Thanks for your help Eric.
Great job

Chris

Comment by auto [ 09/Nov/12 ]

Author:

{u'date': u'2012-11-09T15:47:00Z', u'email': u'milkie@10gen.com', u'name': u'Eric Milkie'}

Message: SERVER-7551 use same batch limits for initialsync and synctail
Branch: v2.2
https://github.com/mongodb/mongo/commit/39f9638a400a1189d9f00f89c5ece874b4acaf2a

Comment by Eric Milkie [ 09/Nov/12 ]

Hi Chris.

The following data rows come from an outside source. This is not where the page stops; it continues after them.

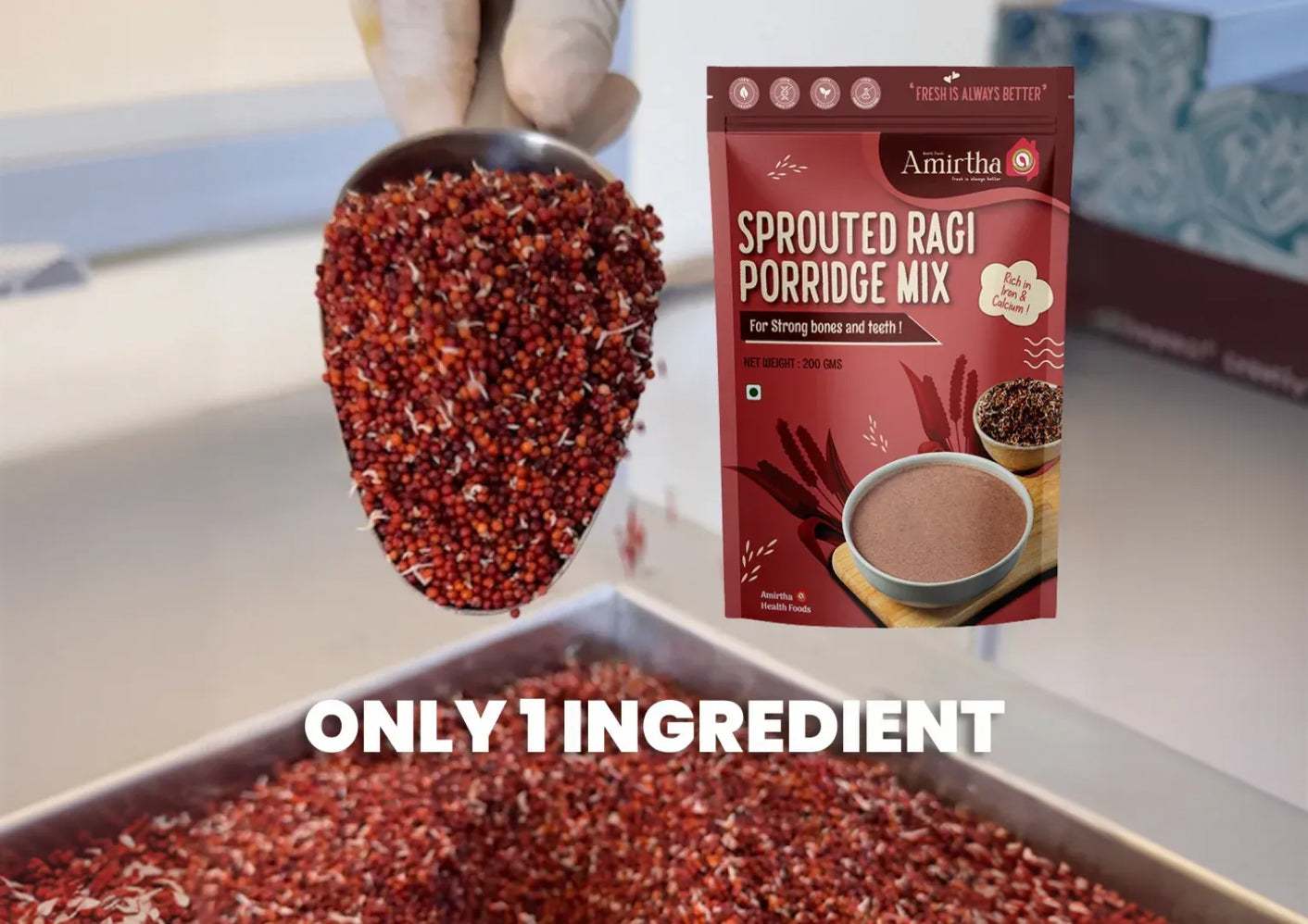 Cocoa Sprouted Ragi Almond Drink Mix - Mix with hot milk for a nourishing treat! This Cocoa Sprouted Ragi Almond Drink is perfect for kids 1 year+ and loved by all ages. Rich in calcium and antioxidants, it supports strong bones and overall wellness. No refined sugar, salt, maida, milk solids, artificial flavours, or preservatives.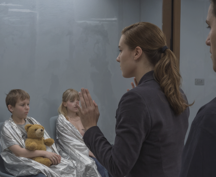 Cooper est enveloppé dans une couverture de survie qui froisse et brille. On dirait un petit astronaute brisé. Ses épaules tressautent sans pause — ce tremblement-là n’a plus grand-chose à voir avec le froid, et tout à voir avec un corps qui essaie d’absorber une terreur trop grande pour les mots.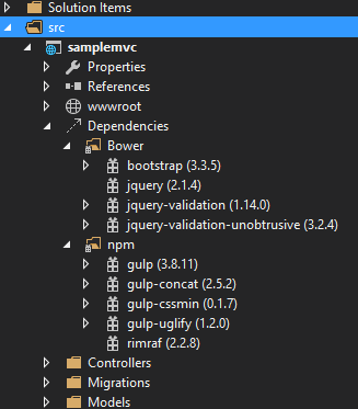 Apart from these we will making use of different types of client side libraries like jQuery, Kendo, Angular etc. In MVC 6 all of it are placed under the dependencies folder. Managing client side frameworks is more tedious when compared to the server side cousins and two of the great names in open source package management is now supported in MVC 6. Bower and npm packages will be listed under the Dependencies

I've committed a change that I believe will solve your issue. The amount of uncommitted bytes was going too high during initial sync, due to a various array of factors. I've put in some adjustments that will more closely match what we are doing during normal syncing, to ensure the journal doesn't overflow. This fix will be released in version 2.2.2.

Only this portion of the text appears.